同时，在 https://www.postgresql.org/docs/current/routine-vacuuming.html官网也提及到这一点，也是和freeze有关

The sole disadvantage of increasing autovacuum_freeze_max_age (and vacuum_freeze_table_age along with it) is that the pg_xact and pg_commit_ts subdirectories of the database cluster will take more space, because it must store the commit status and (if track_commit_timestamp is enabled) timestamp of all transactions back to the autovacuum_freeze_max_age horizon. The commit status uses two bits per transaction, so if autovacuum_freeze_max_age is set to its maximum allowed value of two billion, pg_xact can be expected to grow to about half a gigabyte and pg_commit_ts to about 20GB. If this is trivial compared to your total database size, setting autovacuum_freeze_max_age to its maximum allowed value is recommended. Otherwise, set it depending on what you are willing to allow for pg_xact and pg_commit_ts storage. (The default, 200 million transactions, translates to about 50MB of pg_xact storage and about 2GB of pg_commit_ts storage.)

如果把autovacuum_freeze_max_age设置为20亿，pg_xact大约占500MB，pg_commit_ts大约是20GB，而默认情况下是2亿，pg_xact大约占50MB，pg_commit_ts大约是2GB，对于存储敏感的用户，也要考虑进去。

因此根据代码和文档说明，数据库在做freeze的时候，会择机去清理CLOG、CommitTS。
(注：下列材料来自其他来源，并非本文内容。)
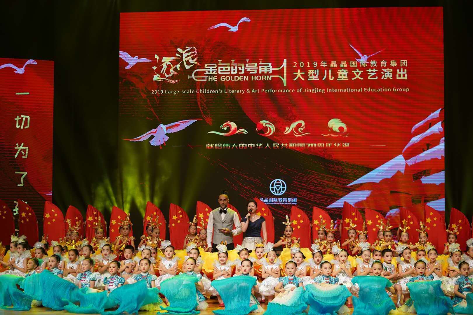 “扬起的号角闪烁金光,新时代强音响彻四方,亿万儿童心潮澎湃,中国——我心中永远的太阳!”今天晚上,能容纳1200多个席位的深圳青少年宫座无虚席,一场由深圳晶晶国际教育集团华中、华南两个发展区,近万名幼儿参与的庆祖国70华诞大型演出季落下了帷幕,这是开场歌舞《当号角响起》的情景。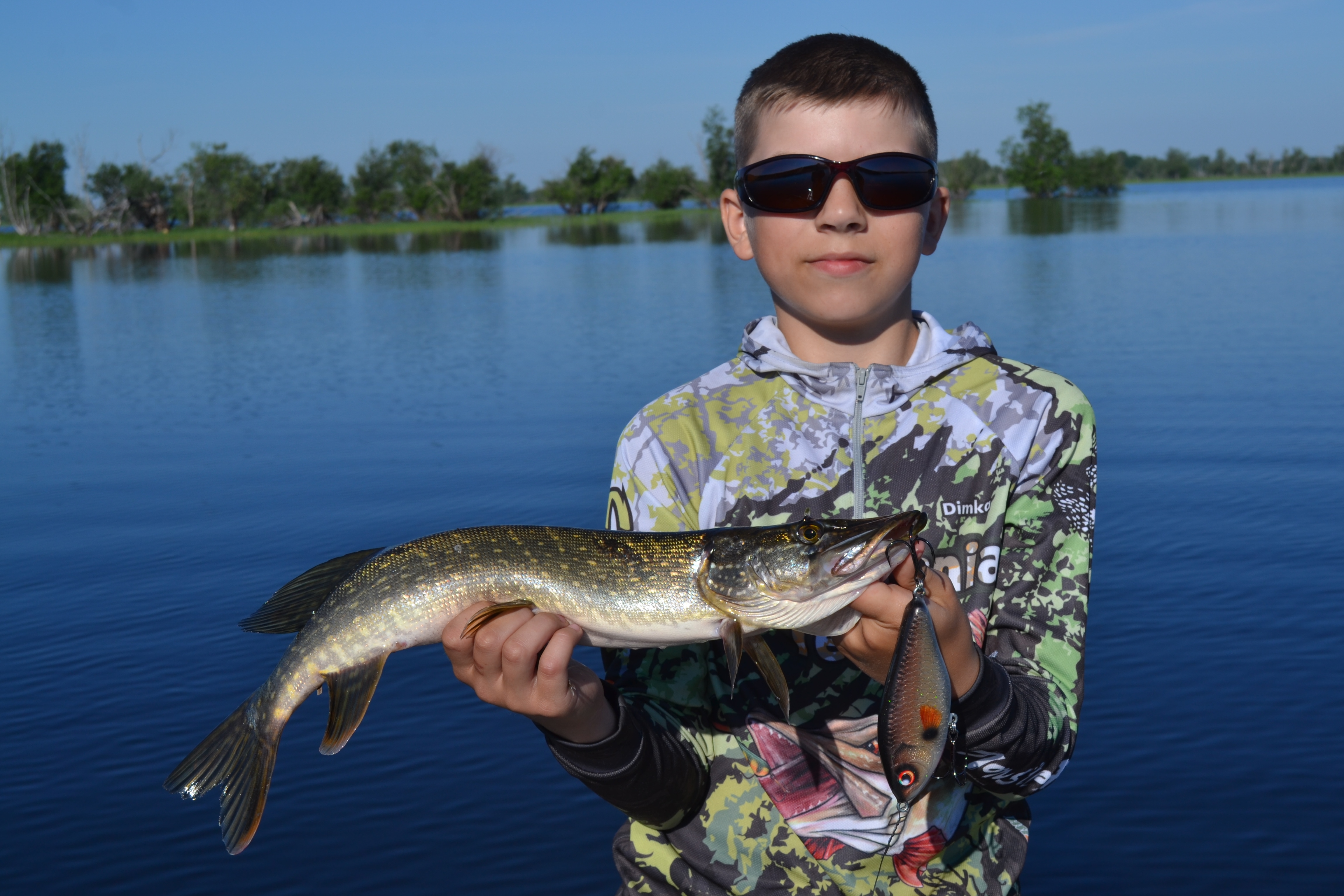 Выспавшись, поев, и выпив чашечку кофе с молоком, я с папой выплыли рыбачить, не прошло и 15 минут как я обловил подарочного джерка (Петр еще раз спасибо) И после этой щуки до обеда было еще пару поклевок, но они не принесли самих щук, зато у папы хорошо поклевало.

让我们看个例子，为了观察，将autovacuum_freeze_max_age参数设到最小，以更频繁地触发freeze：

postgres=# show autovacuum_freeze_max_age ;
 autovacuum_freeze_max_age 
---------------------------
 100000
(1 row)

再使用pgbench进行压测，同时另外一个窗口观察pg_stat_activity

postgres= select * from pg_stat_activity where query ilike '%vacuum%' and pid <> pg_backend_pid()\watch 1;
 datid | datname  |  pid  | leader_pid | usesysid | usename | application_name | client_addr | client_hostname | client_port |         backend_start         |          xact_start           |          query_start          |         state_change          | wait_event_type | wait_event  | state  | backend_xid | backend_xmin | query_id |                            query                             |   backend_type    
-------+----------+-------+------------+----------+---------+------------------+-------------+-----------------+-------------+-------------------------------+-------------------------------+-------------------------------+-------------------------------+-----------------+-------------+--------+-------------+--------------+----------+--------------------------------------------------------------+-------------------
 13892 | postgres | 21349 |            |          |         |                  |             |                 |             | 2022-04-27 09:51:22.711741+08 | 2022-04-27 09:51:22.912726+08 | 2022-04-27 09:51:22.912726+08 | 2022-04-27 09:51:22.912726+08 | Timeout         | VacuumDelay | active |             |      6637029 |          | autovacuum: VACUUM ANALYZE public.t1 (to prevent wraparound) | autovacuum worker
(1 row)

可以看到，在 09:51:22 的时候，对表t1自动进行了freeze，同时观察pg_commit_ts，在09:51:26，00F3之前的六个数据文件被移除，因此证实了我们的想法，在freeze的时候会去回收commit_ts。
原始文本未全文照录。